> **WORK REQUIRED**:
Up to and including the line that contains "12/11(木)午後に、高校", write out every line of the entries exactly, beginning with the first. Omit the pictures.

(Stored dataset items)
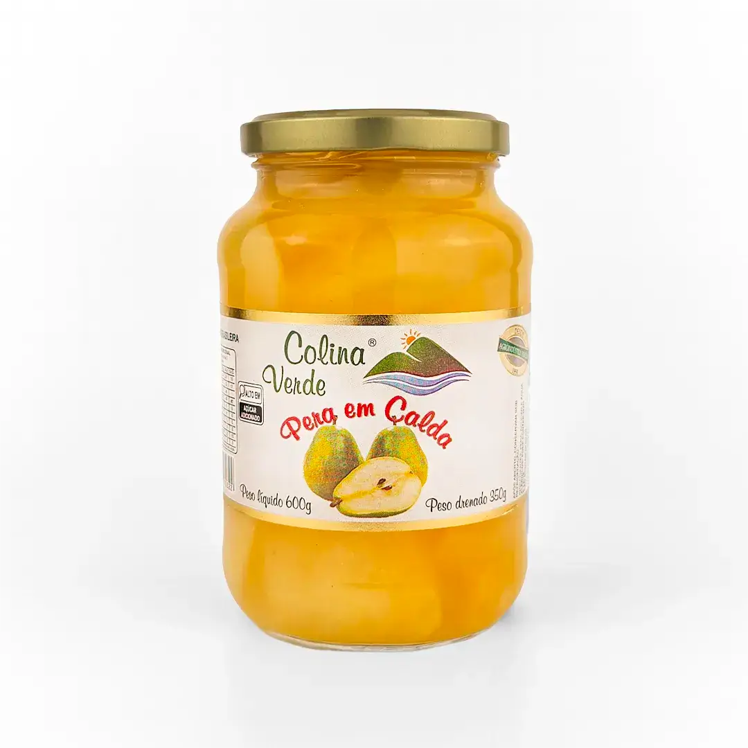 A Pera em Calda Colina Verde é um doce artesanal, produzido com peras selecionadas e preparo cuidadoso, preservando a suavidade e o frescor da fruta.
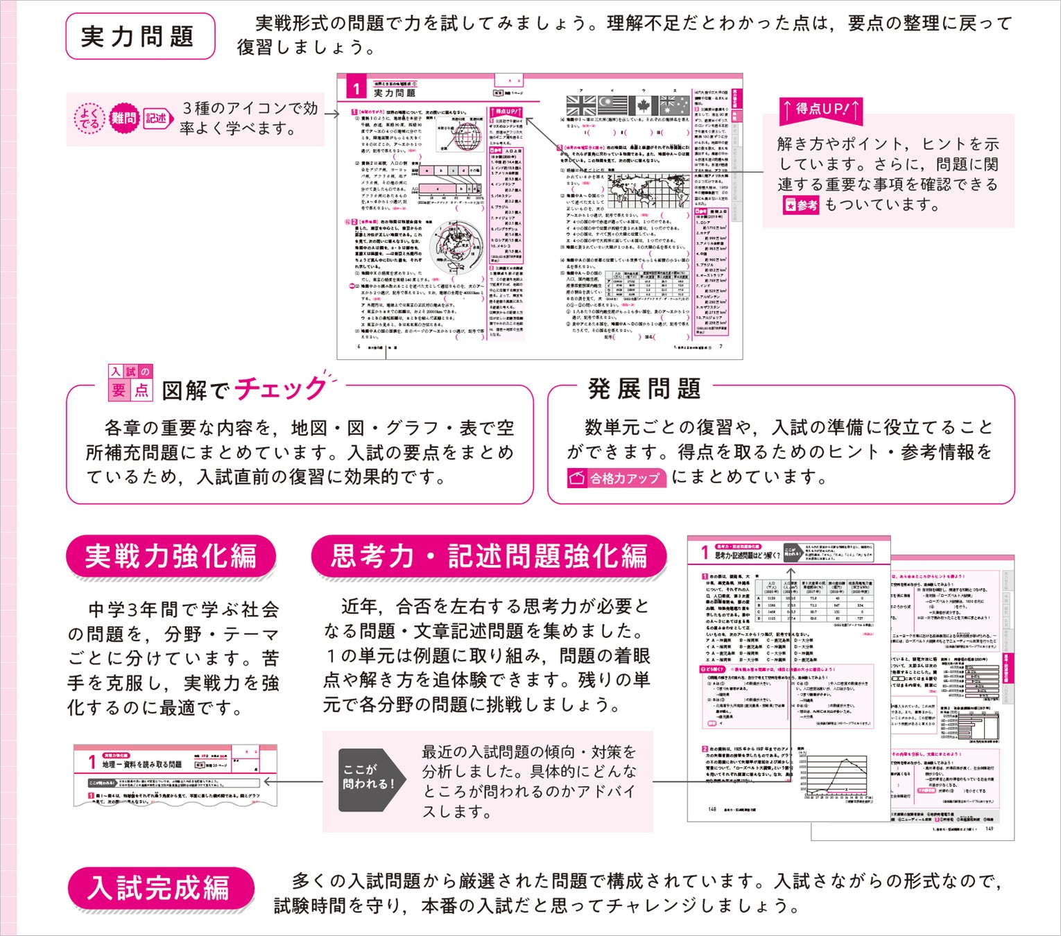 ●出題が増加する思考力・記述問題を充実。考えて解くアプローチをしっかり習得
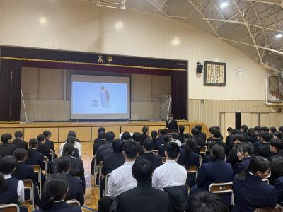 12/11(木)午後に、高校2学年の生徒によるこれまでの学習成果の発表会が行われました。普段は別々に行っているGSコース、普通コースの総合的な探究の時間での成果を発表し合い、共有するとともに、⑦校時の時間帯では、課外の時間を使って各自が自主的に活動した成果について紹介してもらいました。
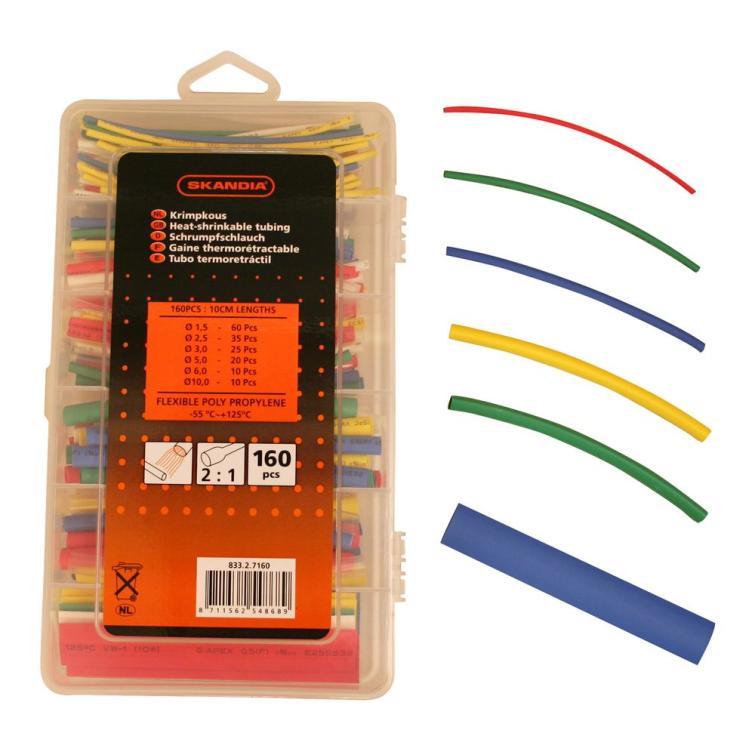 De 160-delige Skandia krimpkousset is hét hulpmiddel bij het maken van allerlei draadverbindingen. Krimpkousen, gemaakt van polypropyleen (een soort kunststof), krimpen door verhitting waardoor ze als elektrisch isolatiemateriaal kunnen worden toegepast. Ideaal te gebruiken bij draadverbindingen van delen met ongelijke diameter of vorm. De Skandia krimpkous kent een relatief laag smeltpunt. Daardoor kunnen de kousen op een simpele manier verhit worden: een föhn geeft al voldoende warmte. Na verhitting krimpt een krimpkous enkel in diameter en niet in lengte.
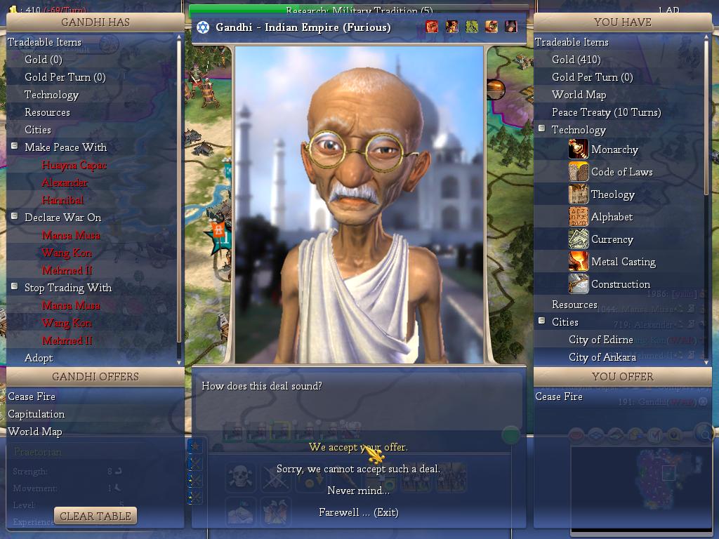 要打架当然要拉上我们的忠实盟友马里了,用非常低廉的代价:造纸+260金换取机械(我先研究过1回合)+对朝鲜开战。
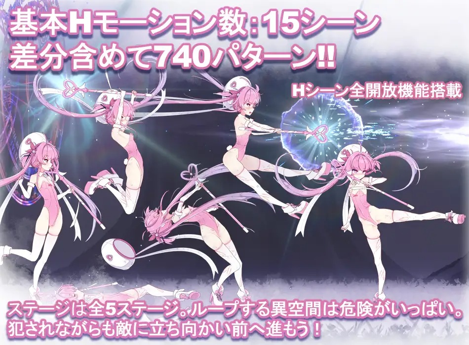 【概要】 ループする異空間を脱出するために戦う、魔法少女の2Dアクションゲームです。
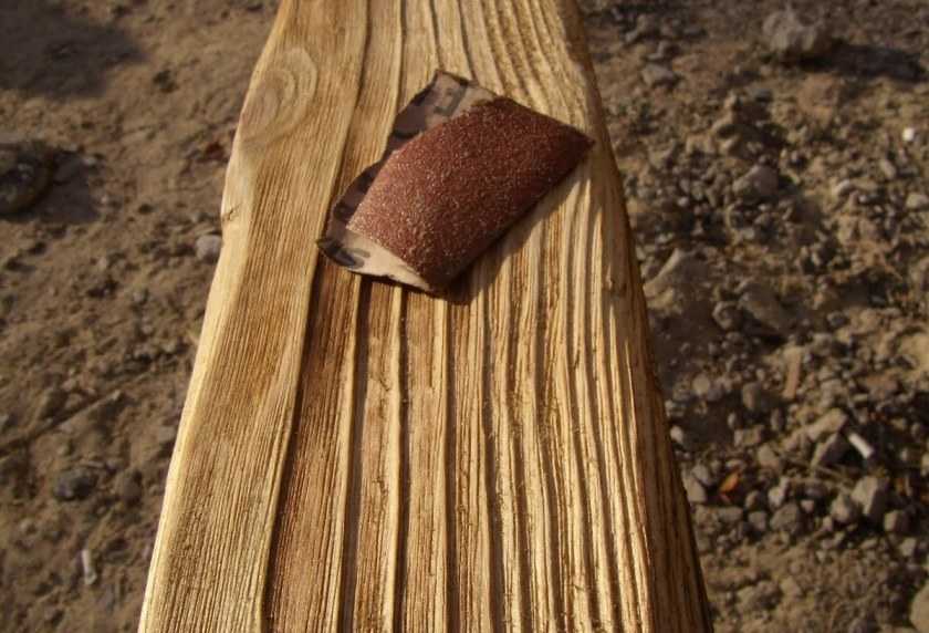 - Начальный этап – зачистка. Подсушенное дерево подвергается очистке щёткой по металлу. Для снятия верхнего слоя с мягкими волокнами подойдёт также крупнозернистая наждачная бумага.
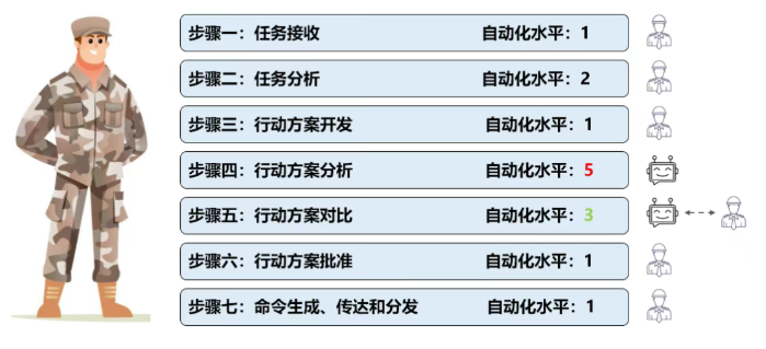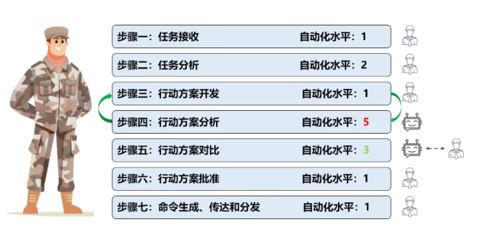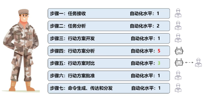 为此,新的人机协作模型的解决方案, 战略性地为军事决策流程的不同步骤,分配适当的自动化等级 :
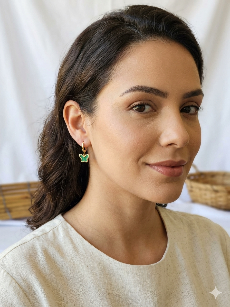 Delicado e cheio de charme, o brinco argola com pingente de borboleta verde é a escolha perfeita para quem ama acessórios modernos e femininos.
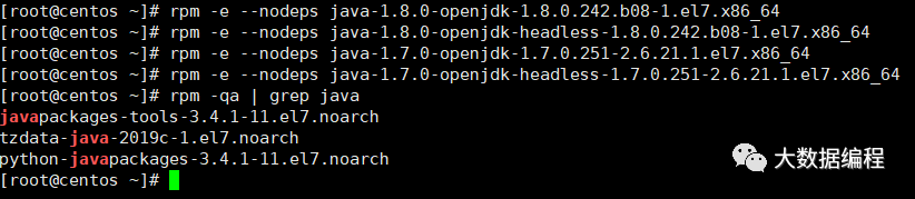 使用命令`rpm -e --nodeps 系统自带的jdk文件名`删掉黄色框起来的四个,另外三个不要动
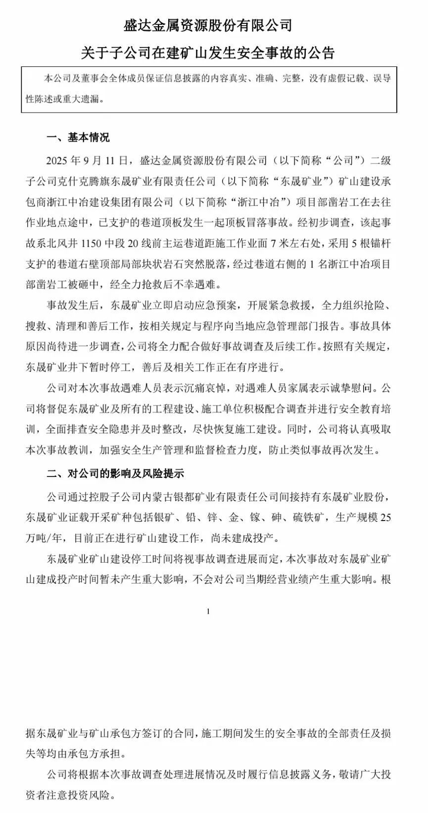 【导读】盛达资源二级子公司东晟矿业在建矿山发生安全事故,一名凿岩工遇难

> **RESPONSE TO THE EXERCISE**:
 A Pera em Calda Colina Verde é um doce artesanal, produzido com peras selecionadas e preparo cuidadoso, preservando a suavidade e o frescor da fruta.
 ●出題が増加する思考力・記述問題を充実。考えて解くアプローチをしっかり習得
 12/11(木)午後に、高校2学年の生徒によるこれまでの学習成果の発表会が行われました。普段は別々に行っているGSコース、普通コースの総合的な探究の時間での成果を発表し合い、共有するとともに、⑦校時の時間帯では、課外の時間を使って各自が自主的に活動した成果について紹介してもらいました。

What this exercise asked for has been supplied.